А так, я прекрасно имитировала статую, пока Матвей надвигался. Он был спокоен, и это означало, что он был в бешенстве.


Глава № 26


Матвей сел на стол Савельева, практически скрыв его от меня. Или меня от него? В любом случае, ни Савельев, ни я не возразили.

Когда он вошел, и я увидела серые льдинки вместо глаз, думала, что не просто ударит — растопчет на месте, и, несмотря на внутреннюю браваду, сжалась. Хотя я и подключила игру жалюзи, и закрыла свой страх за ними, Матвей заметил.

— Сядь, — приказал жестко.

Я села. Он держал паузу несколько минут, то ли выжидая пока я успокоюсь и смогу снова дышать, то ли применяя ко мне одну из своих заморочек. Я тоже молчала: спешить некуда, а болтать ради болтать не было настроения.

К тому же, если верить Матвею, любой проигрыш сулит победу в будущем, если сделать правильные выводы.

Несколько выводов за сегодняшний день я уже сделала: не верь, не бойся, не проси. Чей-то девиз, если не ошибаюсь.

— Тебе не кажется, что слишком дешево меня продала? — Вопрос в лоб и язвительная ухмылка. — С учетом того, что между нами было, и как искренне ты говорила о любви…

Я вспыхнула. Да, говорила. Да, искренне. И хотела бы соврать, что прошло, но одумалась: начни сейчас отрицать — не поверит.

— Ты — соучредитель «Олимпик-найс»?

— И что? — Он развел руками. — Неужели так плохо?

— Отчего же? Довольно мило. Очередная услужливая Машенька за дверью и все такое, но тебе не кажется, что пытаться подложить меня под своего компаньона — это более чем дешево? Это мерзко. Особенно после тех слов, что я тебе говорила?
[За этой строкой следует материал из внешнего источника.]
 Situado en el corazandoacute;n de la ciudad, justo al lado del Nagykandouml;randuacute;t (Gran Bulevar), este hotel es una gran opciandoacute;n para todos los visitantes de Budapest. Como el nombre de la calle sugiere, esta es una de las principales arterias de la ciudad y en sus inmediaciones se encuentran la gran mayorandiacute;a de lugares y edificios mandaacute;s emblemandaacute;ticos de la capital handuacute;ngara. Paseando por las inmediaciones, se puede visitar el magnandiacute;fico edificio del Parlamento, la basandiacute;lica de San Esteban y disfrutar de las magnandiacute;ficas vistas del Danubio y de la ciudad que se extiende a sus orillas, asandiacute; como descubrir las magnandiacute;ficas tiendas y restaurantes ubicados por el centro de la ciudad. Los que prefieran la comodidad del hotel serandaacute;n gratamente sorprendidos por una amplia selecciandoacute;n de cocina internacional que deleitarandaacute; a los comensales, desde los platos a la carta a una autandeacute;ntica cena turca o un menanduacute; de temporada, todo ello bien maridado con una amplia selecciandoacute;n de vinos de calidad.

Матвей напрягся, долго всматривался в меня, отвел взгляд в сторону и раздраженно бросил:

— Прохор, выйди!

Савельев, не задавая вопросов, ретировался. Не было сомнений, кто из двух учредителей самый главный.

— Он к тебе приставал?

— Тебе не все равно?

Матвей встал со стола, сделал шаг в мою сторону, склонился, взял за подбородок, заставив смотреть в глаза.

— Он к тебе приставал?

Голос так же спокоен. Значит, так же в бешенстве, но мне больше не было страшно. Навалились усталость, извечный русский пофигизм и уверенность, что Матвей не причинит боли. Разве что вывернет наизнанку, плюнет в очередной раз в душу, а так — нет.

Я убрала его руку.

— Попытался, — буркнула недовольно.

— И?

— В цене не сошлись.

Матвей хмыкнул, отошел, щелкнул чайником, сделал два кофе, одну из чашек поставил передо мной. В горле пересохло, но пить кофе я не хотела, сидеть напротив него и видеть серебряный лед не хотела.

— Что ты планируешь со мной делать?

— А что ты, думаешь, я с тобой сделаю?

— Ты не в Одессе, — я отвернулась. Привычка отвечать вопросом на вопрос раздражала, хотя именно от меня Матвей ее перенял.

— Ты тоже.

И платить той же монетой — моя привычка. И сам он — тоже моя привычка.

— Я не раз говорил тебе, чтобы не слушала сплетни. В девяноста случаях из ста в них есть доля правды, но остаются еще десять процентов. Хочешь узнать, что могут включить в себя десять процентов?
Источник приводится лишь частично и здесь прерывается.